*** Opening of Data segment ***

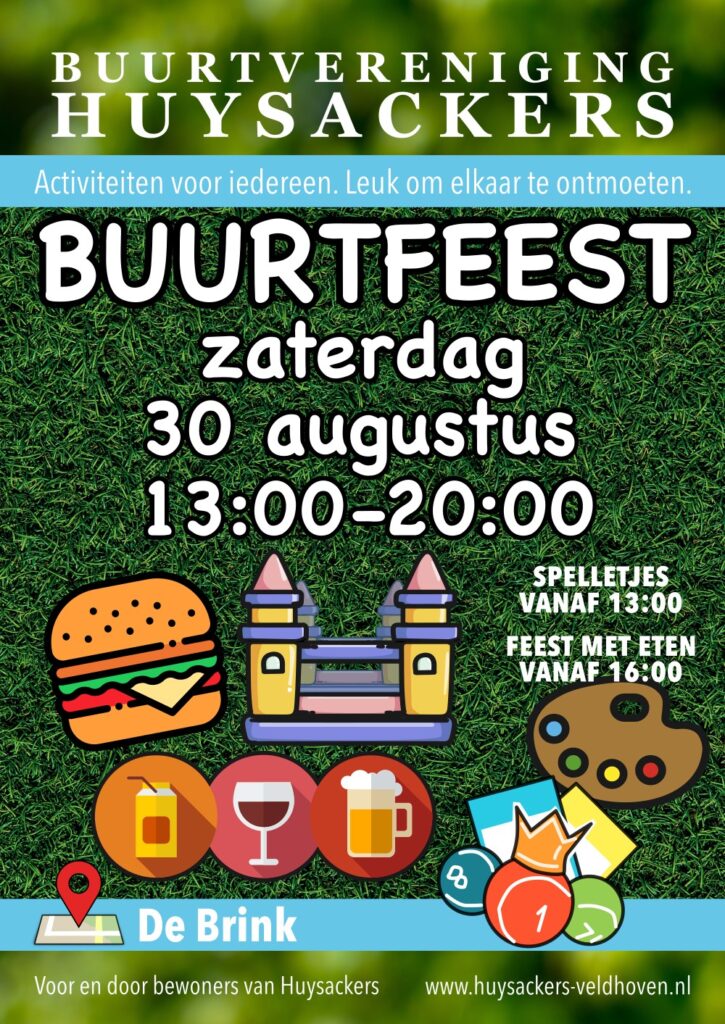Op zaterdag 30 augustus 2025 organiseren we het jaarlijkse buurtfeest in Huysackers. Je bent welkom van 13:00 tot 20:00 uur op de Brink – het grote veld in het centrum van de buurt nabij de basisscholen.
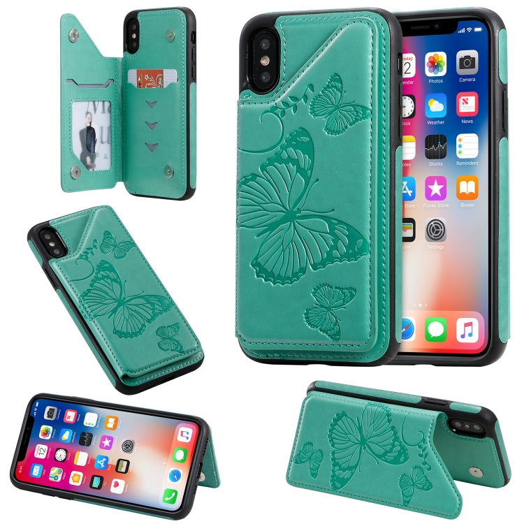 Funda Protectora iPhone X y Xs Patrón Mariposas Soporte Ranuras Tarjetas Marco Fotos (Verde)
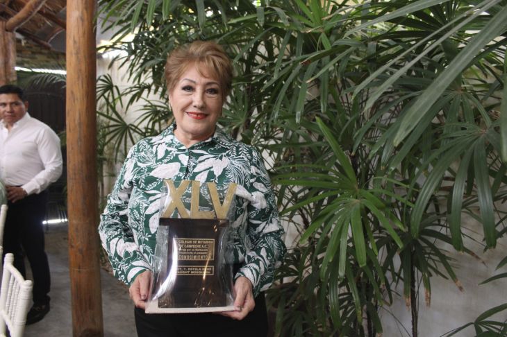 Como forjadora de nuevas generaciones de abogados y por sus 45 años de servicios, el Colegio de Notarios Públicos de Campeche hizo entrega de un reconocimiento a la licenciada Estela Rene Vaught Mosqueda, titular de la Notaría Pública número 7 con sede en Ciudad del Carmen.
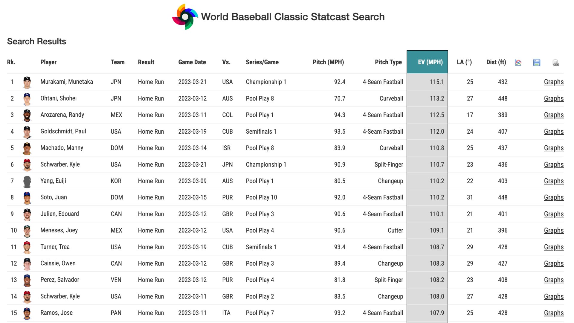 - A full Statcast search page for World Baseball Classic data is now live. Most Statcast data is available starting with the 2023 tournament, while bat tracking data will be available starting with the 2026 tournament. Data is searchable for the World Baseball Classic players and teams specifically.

*** Close of Data segment ***

# Requirement
Output an exact copy of the material, with the pictures removed.

# Result
Op zaterdag 30 augustus 2025 organiseren we het jaarlijkse buurtfeest in Huysackers. Je bent welkom van 13:00 tot 20:00 uur op de Brink – het grote veld in het centrum van de buurt nabij de basisscholen.
 Funda Protectora iPhone X y Xs Patrón Mariposas Soporte Ranuras Tarjetas Marco Fotos (Verde)
 Como forjadora de nuevas generaciones de abogados y por sus 45 años de servicios, el Colegio de Notarios Públicos de Campeche hizo entrega de un reconocimiento a la licenciada Estela Rene Vaught Mosqueda, titular de la Notaría Pública número 7 con sede en Ciudad del Carmen.
 - A full Statcast search page for World Baseball Classic data is now live. Most Statcast data is available starting with the 2023 tournament, while bat tracking data will be available starting with the 2026 tournament. Data is searchable for the World Baseball Classic players and teams specifically.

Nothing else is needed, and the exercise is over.